◆ **Dataset excerpts**

BEGIN

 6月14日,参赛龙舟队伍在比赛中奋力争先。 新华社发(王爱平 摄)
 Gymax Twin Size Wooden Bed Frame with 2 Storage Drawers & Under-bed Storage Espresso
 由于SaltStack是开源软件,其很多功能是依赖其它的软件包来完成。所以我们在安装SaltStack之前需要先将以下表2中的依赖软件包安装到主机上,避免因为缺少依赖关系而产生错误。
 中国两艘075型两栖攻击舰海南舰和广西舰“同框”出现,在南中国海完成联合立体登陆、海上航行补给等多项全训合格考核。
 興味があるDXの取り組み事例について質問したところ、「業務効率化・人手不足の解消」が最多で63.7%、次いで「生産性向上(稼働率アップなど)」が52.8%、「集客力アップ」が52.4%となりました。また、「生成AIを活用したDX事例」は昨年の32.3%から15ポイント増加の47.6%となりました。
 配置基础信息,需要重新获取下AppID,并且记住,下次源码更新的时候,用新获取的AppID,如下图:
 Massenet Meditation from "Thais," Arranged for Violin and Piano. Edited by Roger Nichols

END
BEGIN

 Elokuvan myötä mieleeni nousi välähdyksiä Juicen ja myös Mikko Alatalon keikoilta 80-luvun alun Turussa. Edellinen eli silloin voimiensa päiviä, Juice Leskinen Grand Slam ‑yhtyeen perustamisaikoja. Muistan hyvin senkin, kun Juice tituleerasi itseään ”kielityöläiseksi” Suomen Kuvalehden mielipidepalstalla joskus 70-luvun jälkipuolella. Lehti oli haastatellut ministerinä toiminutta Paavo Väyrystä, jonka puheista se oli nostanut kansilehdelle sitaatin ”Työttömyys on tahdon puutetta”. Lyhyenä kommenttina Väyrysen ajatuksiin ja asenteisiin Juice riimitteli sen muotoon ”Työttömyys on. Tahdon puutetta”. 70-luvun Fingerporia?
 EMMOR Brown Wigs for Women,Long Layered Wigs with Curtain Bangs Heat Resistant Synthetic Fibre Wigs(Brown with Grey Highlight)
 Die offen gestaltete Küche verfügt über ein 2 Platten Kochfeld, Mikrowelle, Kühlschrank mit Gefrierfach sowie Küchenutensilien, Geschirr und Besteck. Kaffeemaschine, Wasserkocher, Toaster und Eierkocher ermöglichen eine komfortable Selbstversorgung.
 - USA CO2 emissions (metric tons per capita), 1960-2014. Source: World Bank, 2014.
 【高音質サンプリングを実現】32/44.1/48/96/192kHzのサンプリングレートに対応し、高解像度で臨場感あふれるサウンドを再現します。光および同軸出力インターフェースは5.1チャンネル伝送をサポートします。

END

◆ **What needs to be done**
Print exactly the lines above from the one with "中国两艘075型两栖攻击舰海" to the one with "Massenet Meditation from", including both.

◆ **Output for this exercise**
 中国两艘075型两栖攻击舰海南舰和广西舰“同框”出现,在南中国海完成联合立体登陆、海上航行补给等多项全训合格考核。
 興味があるDXの取り組み事例について質問したところ、「業務効率化・人手不足の解消」が最多で63.7%、次いで「生産性向上(稼働率アップなど)」が52.8%、「集客力アップ」が52.4%となりました。また、「生成AIを活用したDX事例」は昨年の32.3%から15ポイント増加の47.6%となりました。
 配置基础信息,需要重新获取下AppID,并且记住,下次源码更新的时候,用新获取的AppID,如下图:
 Massenet Meditation from "Thais," Arranged for Violin and Piano. Edited by Roger Nichols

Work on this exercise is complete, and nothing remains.